**Exercise instructions:** In full and word for word, copy the listing; no pictures belong in the copy.

**Supplied information:**
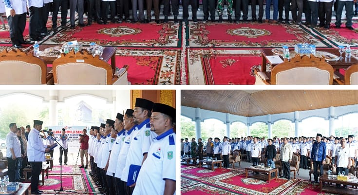 Siak | riauindepende.co.id | Bupati Siak Alfedri bacakan naskah pengukuhan Pengurus 14 Forum Pembauran Kebangsaan (FPK) Kecamatan Se Kabupaten Siak Periode 2024-2029 dan juga berkomitmen melalui deklarasi Pemilihan Umum (Pemilu) dan Pemilihan Kepala Daerah (Pilkada) Damai Tahun 2024, di balai room datuk empat suku komplek abdi praja, rabu (31/01/2024).
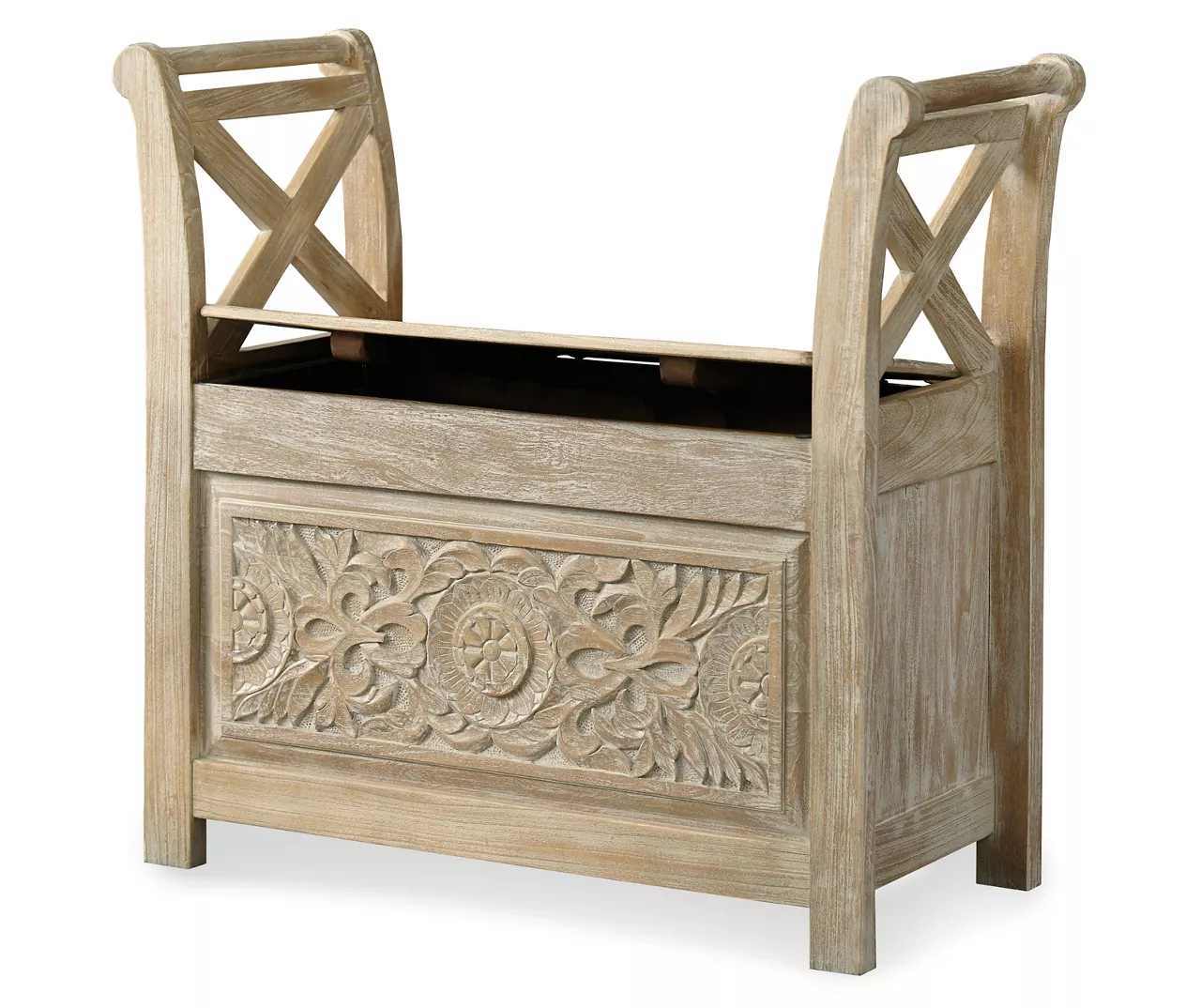 Get a dose of bohemian bliss with this accent bench. The whitewashed wood finish fits in effortlessly with your existing décor. A carved floral pattern beautifully covers the bottom front as X-design arms entice from above. Ready for more? Lift the seat for plenty of storage action underneath.
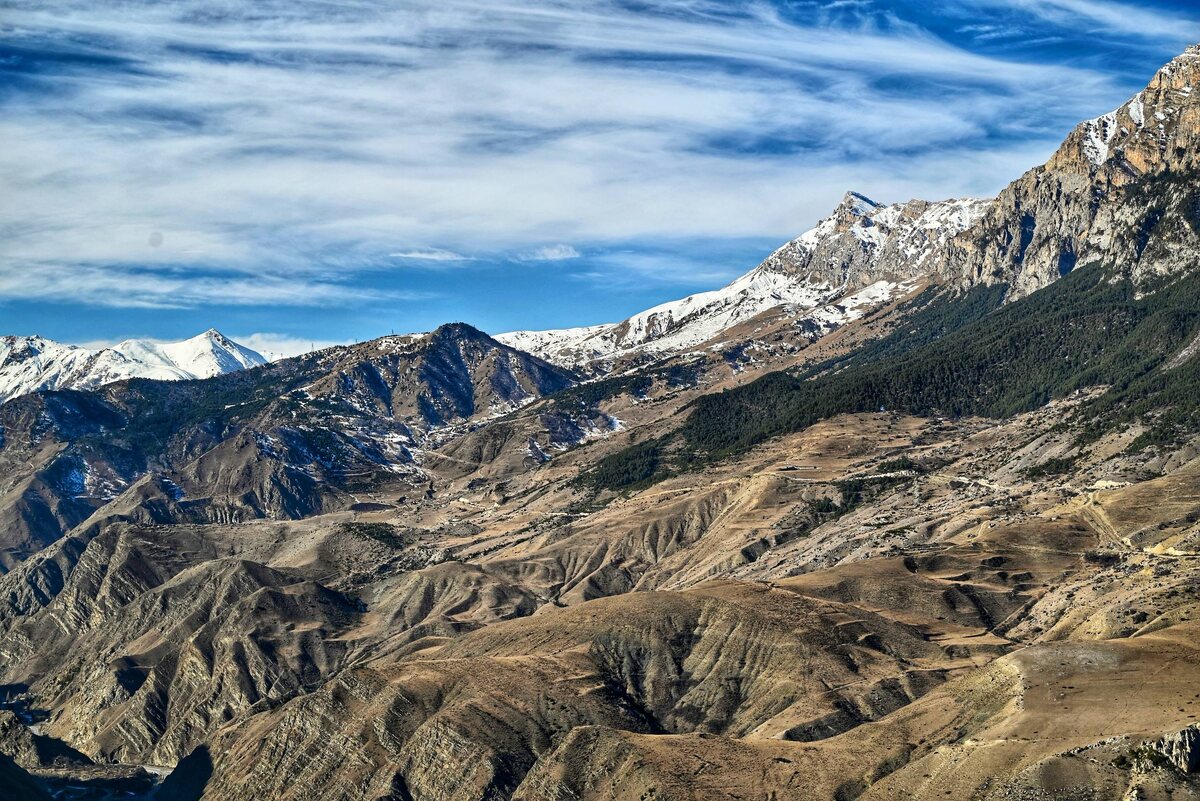 Завораживающие виды Алагирского ущелья: на долину реки Ардон, юго- восточные склоны Скалистого хребта, высокие снежные вершины Кальперского

**Answer to this exercise:**
 Siak | riauindepende.co.id | Bupati Siak Alfedri bacakan naskah pengukuhan Pengurus 14 Forum Pembauran Kebangsaan (FPK) Kecamatan Se Kabupaten Siak Periode 2024-2029 dan juga berkomitmen melalui deklarasi Pemilihan Umum (Pemilu) dan Pemilihan Kepala Daerah (Pilkada) Damai Tahun 2024, di balai room datuk empat suku komplek abdi praja, rabu (31/01/2024).
 Get a dose of bohemian bliss with this accent bench. The whitewashed wood finish fits in effortlessly with your existing décor. A carved floral pattern beautifully covers the bottom front as X-design arms entice from above. Ready for more? Lift the seat for plenty of storage action underneath.
 Завораживающие виды Алагирского ущелья: на долину реки Ардон, юго- восточные склоны Скалистого хребта, высокие снежные вершины Кальперского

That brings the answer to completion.